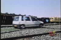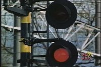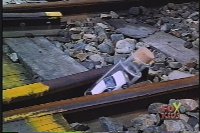 Commuter train reappears on tracks, resuming trip right where it left off. |
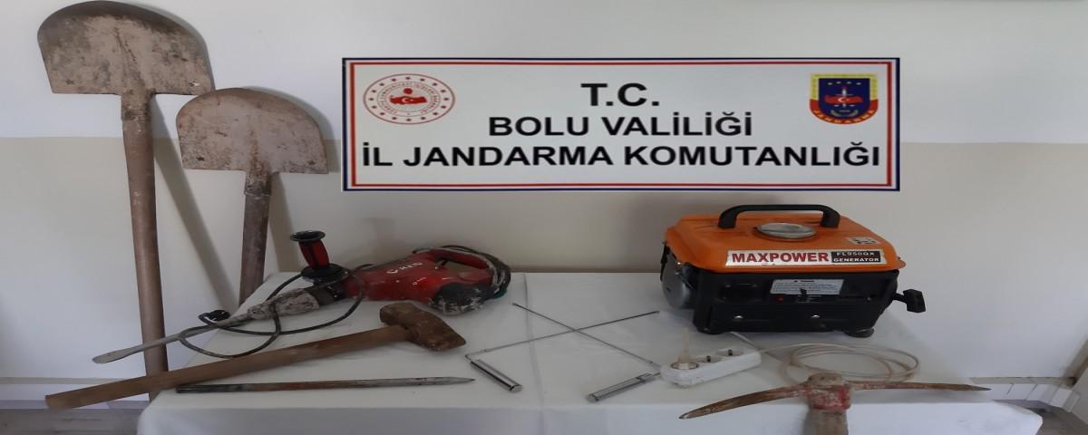 Edinilen bilgiye göre, İl Jandarma Komutanlığı ekipleri Bolu’nun merkez ilçesi sınırları içinde kaçak kazı yapıldığı yönünde ihbar aldı. Gelen ihbarı değerlendiren İl Jandarma Komutanlığı ekipleri yaptıkları operasyonda, kaçak kazı yapan 6 şahsı suçüstü yakaladı. Kazı bölgesinde yapılan aramalarda 1 adet Osmanlı sikkesi, 1 adet jeneratör, 1 adet hilti, 2 adet define arama aparatı ve kazı malzemesi ele geçirildi.
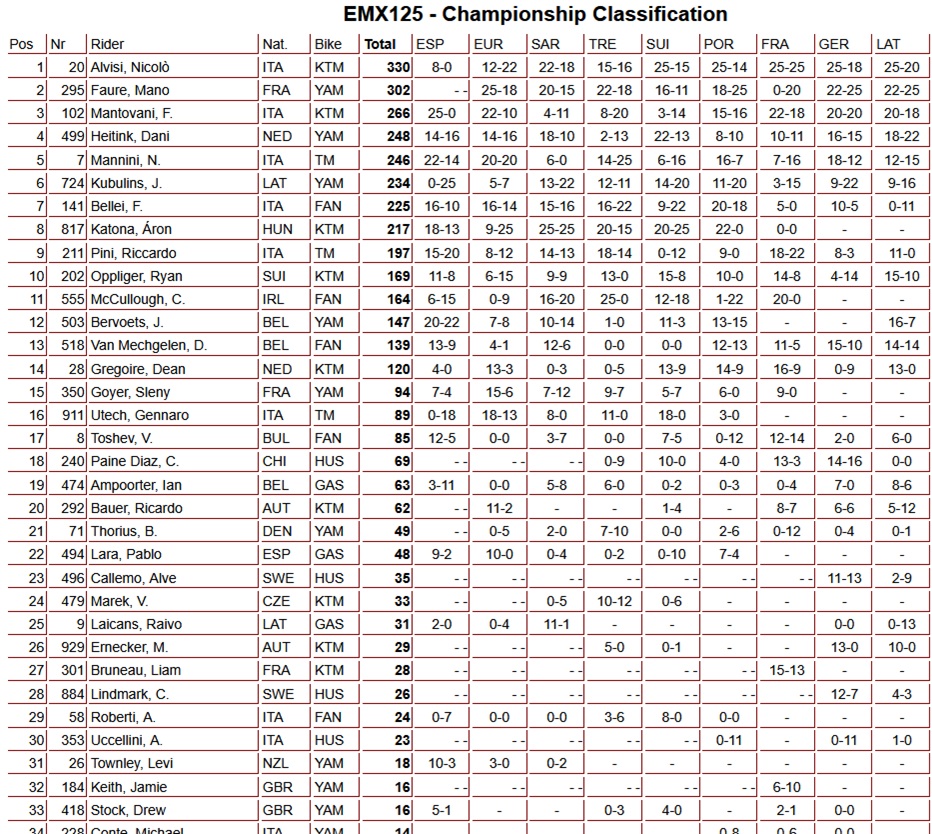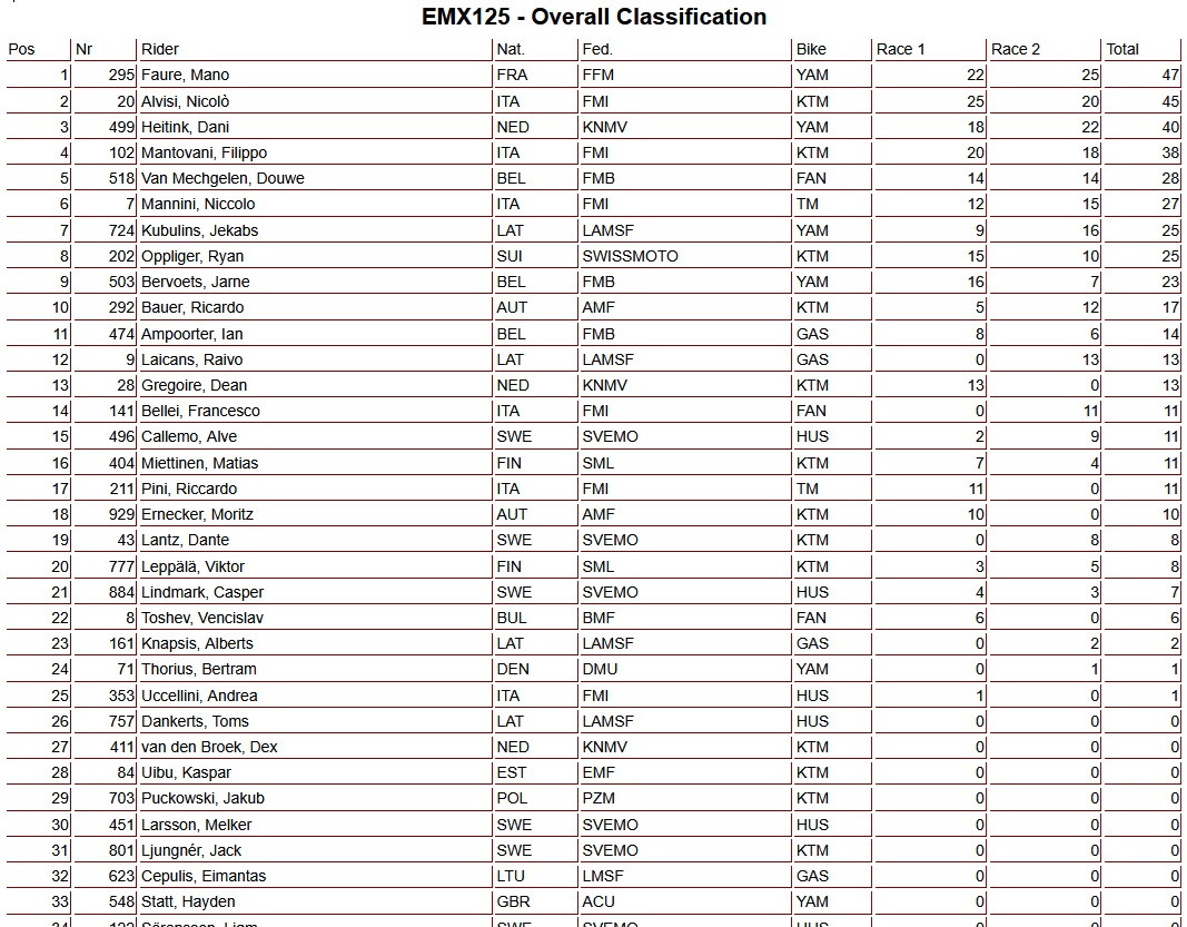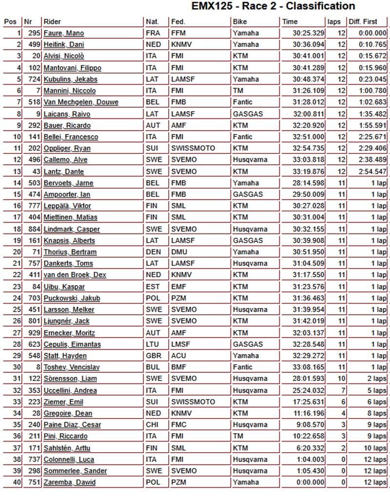 Dani Heitink heeft zijn tweede podiumplaats in het EMX125 Kampioenschap binnen. Met een 4-2 in de manches wist Heitink derde te worden in het dagklassement. De overwinning ging naar Mano Faure voor Nicolo Alvisi en Heitink.

+ + + + +

Task statement
Repeat the data verbatim through the "Edinilen bilgiye göre, İl" line, no pictures.

Problem solution
 Commuter train reappears on tracks, resuming trip right where it left off. |
 Edinilen bilgiye göre, İl Jandarma Komutanlığı ekipleri Bolu’nun merkez ilçesi sınırları içinde kaçak kazı yapıldığı yönünde ihbar aldı. Gelen ihbarı değerlendiren İl Jandarma Komutanlığı ekipleri yaptıkları operasyonda, kaçak kazı yapan 6 şahsı suçüstü yakaladı. Kazı bölgesinde yapılan aramalarda 1 adet Osmanlı sikkesi, 1 adet jeneratör, 1 adet hilti, 2 adet define arama aparatı ve kazı malzemesi ele geçirildi.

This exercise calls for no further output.